TASK DIRECTIONS -> From the entries below, print exactly the span beginning with the line holding "如果有需要這個參數只有某些版" and ending with the line holding "Note: you should", endpoints included, and skip any pictures.

** RECORDS TO PROCESS follows **

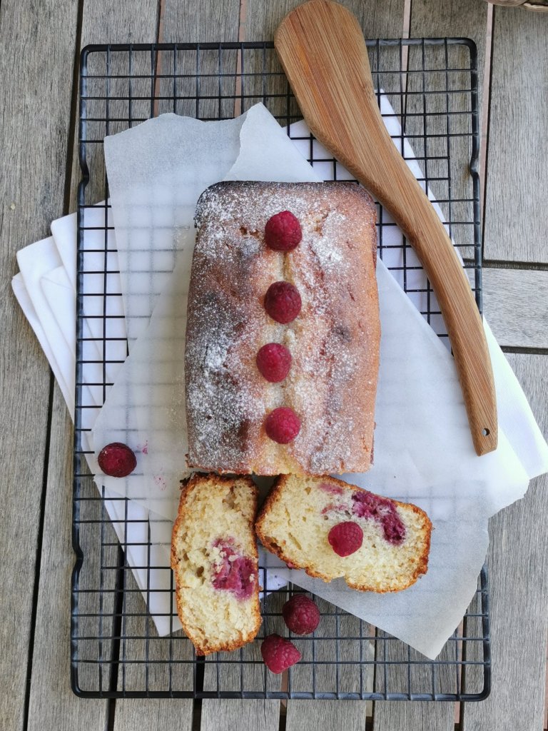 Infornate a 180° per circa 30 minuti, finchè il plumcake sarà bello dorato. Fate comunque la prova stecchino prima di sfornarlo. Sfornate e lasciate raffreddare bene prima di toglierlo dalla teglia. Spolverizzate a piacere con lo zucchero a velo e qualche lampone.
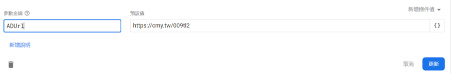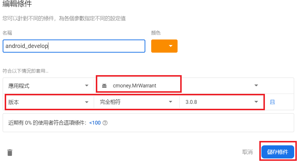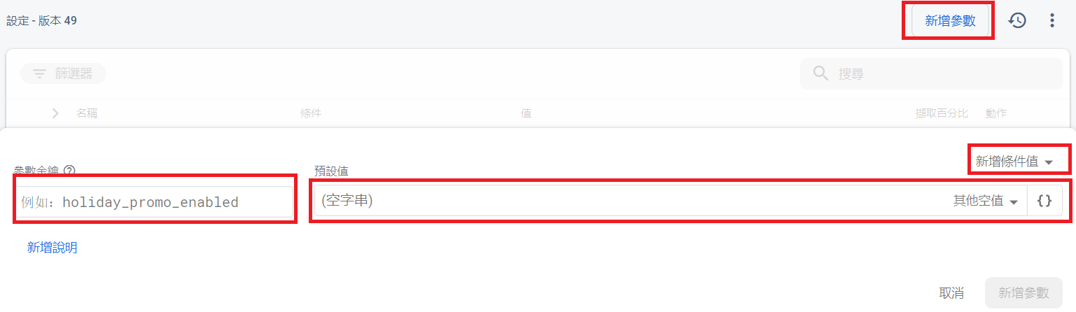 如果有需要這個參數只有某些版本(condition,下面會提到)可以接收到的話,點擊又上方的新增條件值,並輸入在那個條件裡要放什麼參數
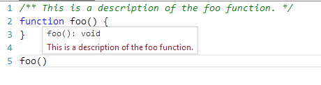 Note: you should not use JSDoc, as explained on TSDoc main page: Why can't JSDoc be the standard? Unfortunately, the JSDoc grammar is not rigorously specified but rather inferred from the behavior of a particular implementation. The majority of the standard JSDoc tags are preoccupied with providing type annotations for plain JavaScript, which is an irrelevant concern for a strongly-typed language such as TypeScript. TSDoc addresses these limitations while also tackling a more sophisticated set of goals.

** End of RECORDS TO PROCESS **
** RECORDS TO PROCESS follows **

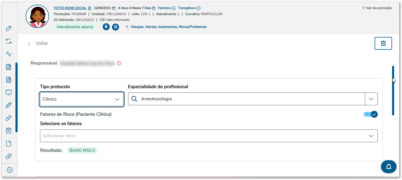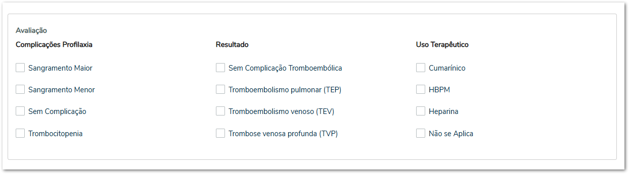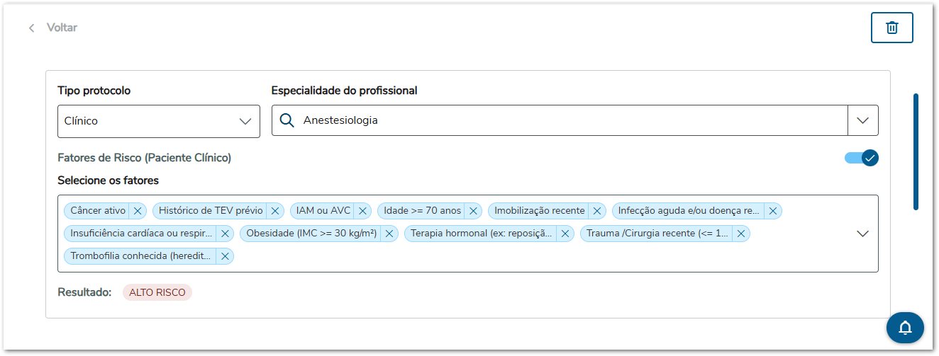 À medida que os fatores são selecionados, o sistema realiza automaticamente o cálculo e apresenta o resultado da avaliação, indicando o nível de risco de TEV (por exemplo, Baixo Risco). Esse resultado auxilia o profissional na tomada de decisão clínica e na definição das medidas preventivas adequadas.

** End of RECORDS TO PROCESS **

OUTPUT FOR THIS EXERCISE ->
 如果有需要這個參數只有某些版本(condition,下面會提到)可以接收到的話,點擊又上方的新增條件值,並輸入在那個條件裡要放什麼參數
 Note: you should not use JSDoc, as explained on TSDoc main page: Why can't JSDoc be the standard? Unfortunately, the JSDoc grammar is not rigorously specified but rather inferred from the behavior of a particular implementation. The majority of the standard JSDoc tags are preoccupied with providing type annotations for plain JavaScript, which is an irrelevant concern for a strongly-typed language such as TypeScript. TSDoc addresses these limitations while also tackling a more sophisticated set of goals.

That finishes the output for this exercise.